Chapter 3 #5
“Why, there’s no blackmail at all, when Rahat-sahib already intended to buy cat toys for his darling,” Esha said just as brightly, giving Faraj a significant look.
“Ahmed, are you telling me you would prevent Rahat-sahib from doing legitimate business with an upright and honest Basteti tradeswoman?”
“I am profoundly grateful that I have never needed to face you across a war council, my lady,” Faraj said, carefully easing out of the cat-basket the bag of his folded silk garments that Master Asharan had tended for him.
He suspected he was going to need the gold-flecked sealing wax that verified his sigil ring’s imprint in very short order.
“You cannot possibly be considering yielding to this harridan, sahib!”
“Ahmed,” Faraj said, “Sahar has made herself a home of my soul. She is a living piece of my heart. I would rather set up a little scholar’s nook in the tack room of the stables and live there myself than be forced to abandon her now, with her kittens coming any day.
I don’t know how to abandon part of myself at the gate.
I don’t know how else not to lose her. Do you have any better ideas? ”
Ahmed looked sadly down at the kulhad in his hands, and he said, “I miss the other path. The cup of chai, and laughing together.”
“Then you two should walk that path,” Esha said. “And if you need reinforcement, then I’ll charge the field.”
“Armed with a properly signed purchase order and three baskets of cat toys,” Kamil said, amused. “Sign it before you put your clothes on, sahib, so there’s enough time for the seal to set before Esha carries it into battle.”
“Do I need to change here?” Faraj asked, a bit wistful.
“Yes,” Ahmed said firmly.
“The guards won’t care nearly as much about a market-vendor shouting at a priest in a white cotton wrap as they do about whoever is wearing saffron silk,” Kamil agreed.
“It could get us past the outer gate,” Faraj said, reaching for an invoice slip and a silverpoint from beneath a weight-stone in Esha’s commotion-ruffled paper-basket. “But if the whole haveli is warded, the stables may be my best choice after all.”
Kamil and Ahmed traded a look.
“Think of the tax receipts, sahib,” Ahmed said.
“The foundation is ancient.
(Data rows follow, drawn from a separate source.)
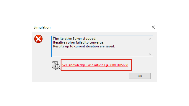 Les liens hypertexte renvoyant aux articles de la base de connaissances qui figurent dans les messages d'erreur du solveur de simulation vous dirigent vers les articles de questions/réponses du portail de connaissances de Dassault Systèmes.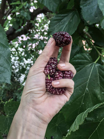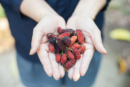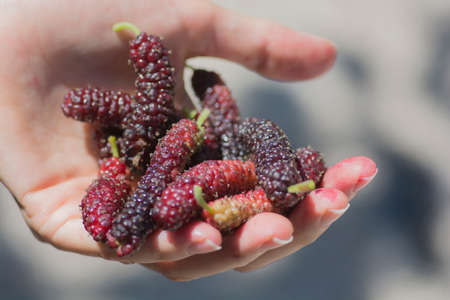 Some ripe mulberry fruit on palm of a woman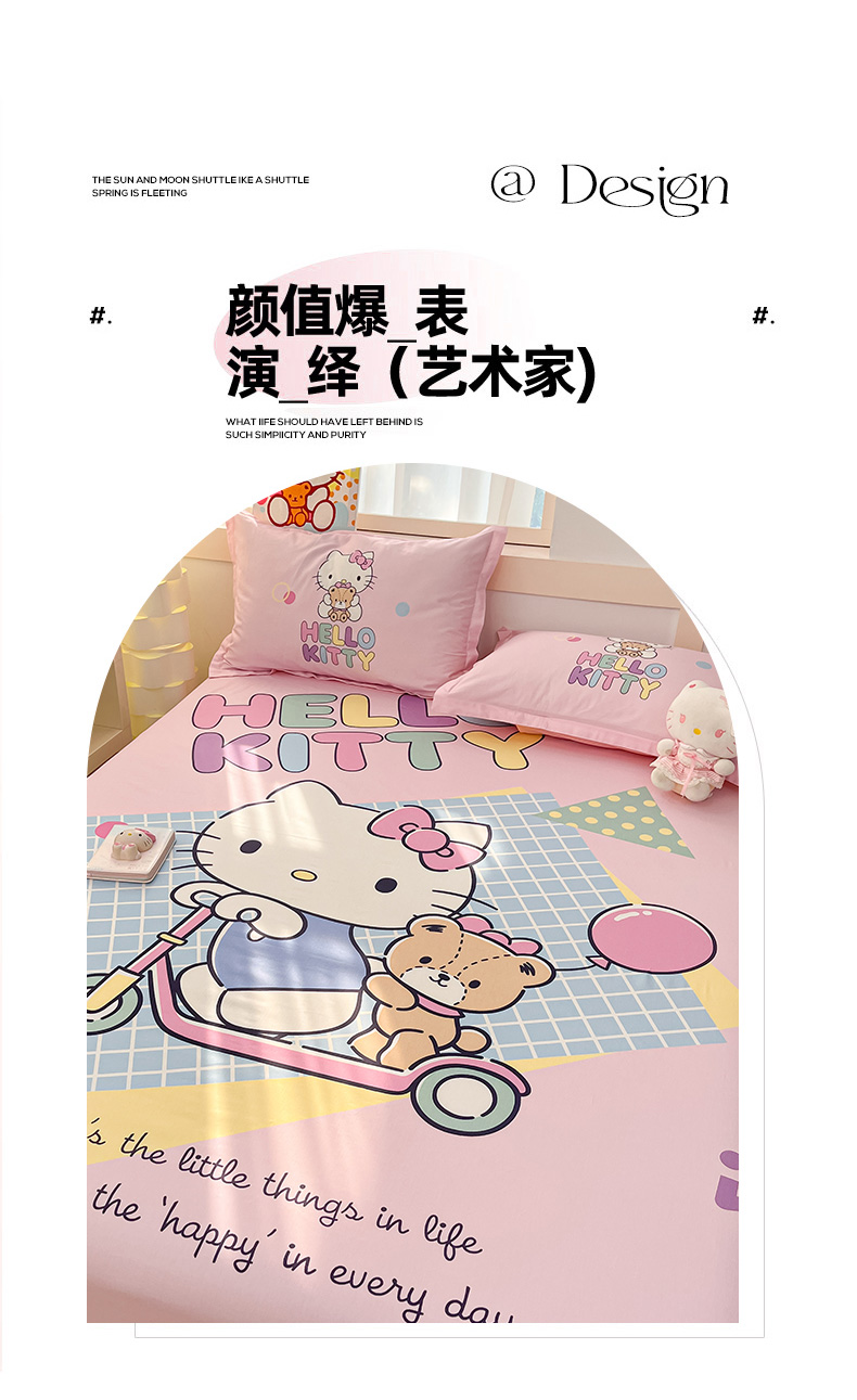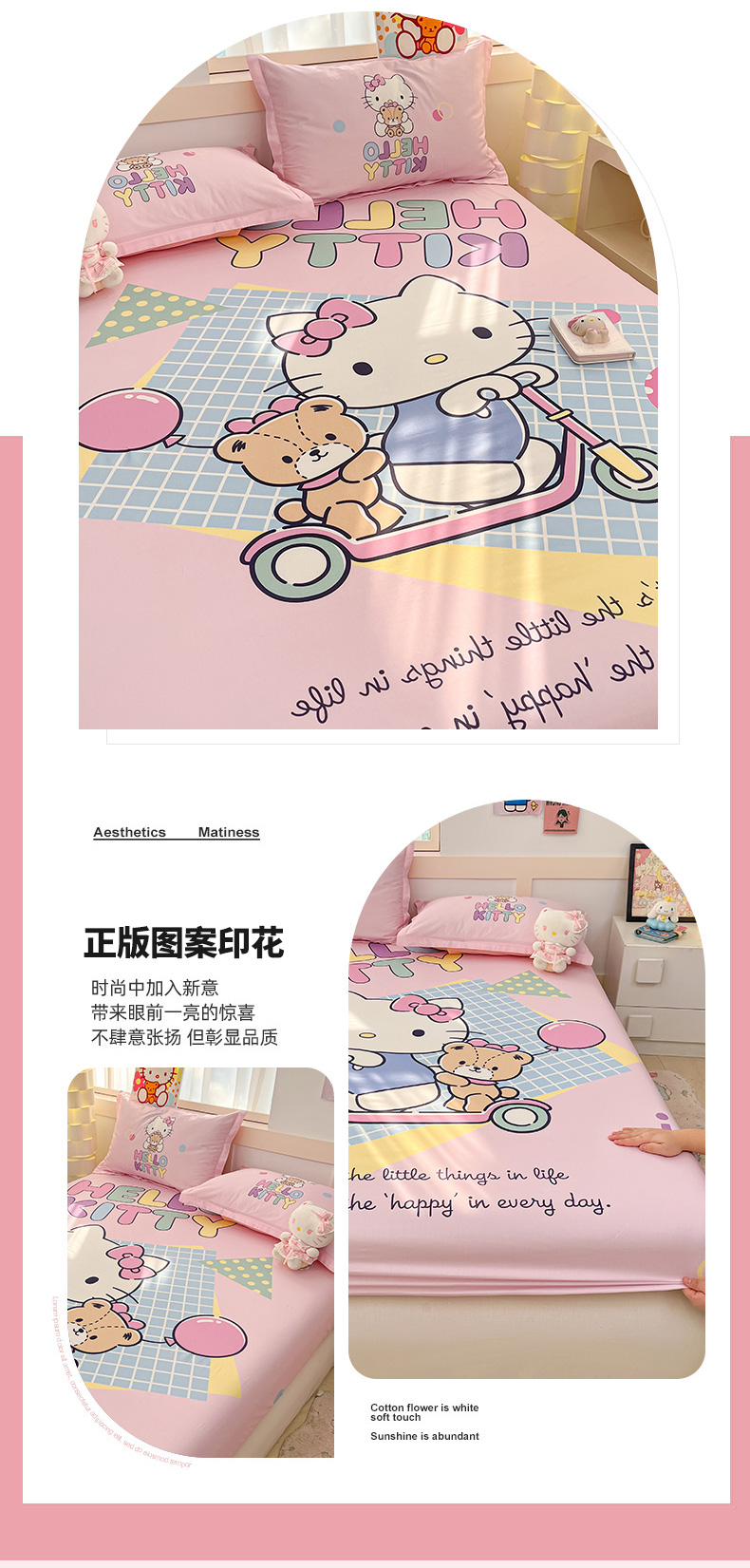 • 91家纺网 家纺一手货源 找家纺 博雅 2025新款三丽鸥全棉大版床笠-第二批 滑板KT猫

Your family did not lay those stones, not here. Your family brought gilding and marble and an army of artisans to make the haveli a glory among the realms, and there remains a smaller artisan-army to tend to its maintenance. But the artisans lavish their craft upon… well… marble is visible. Cat-warding is not.”
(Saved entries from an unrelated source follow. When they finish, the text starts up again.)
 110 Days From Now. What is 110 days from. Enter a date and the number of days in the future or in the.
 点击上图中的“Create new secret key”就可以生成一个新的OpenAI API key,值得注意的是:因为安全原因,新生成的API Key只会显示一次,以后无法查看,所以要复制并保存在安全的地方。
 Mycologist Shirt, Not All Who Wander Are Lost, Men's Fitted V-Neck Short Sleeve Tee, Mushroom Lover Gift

“Security isn’t flashy the way gilding is,” Kamil agreed.
“If there’s a choice between marble on every single surface or warding every single surface, the courtiers choose the marble, with additional defensive wards in critical spots.
The armory, the treasury. The entrances to the Ministry and the Archives and the residential areas.
But not the stables, and not the barracks.
And the entrances to your chambers, but not within your chambers, because of me. ”
“Oh!” Only long self-control kept him from smudging the invoice in surprise. “So if we could get her as far as my rooms…?”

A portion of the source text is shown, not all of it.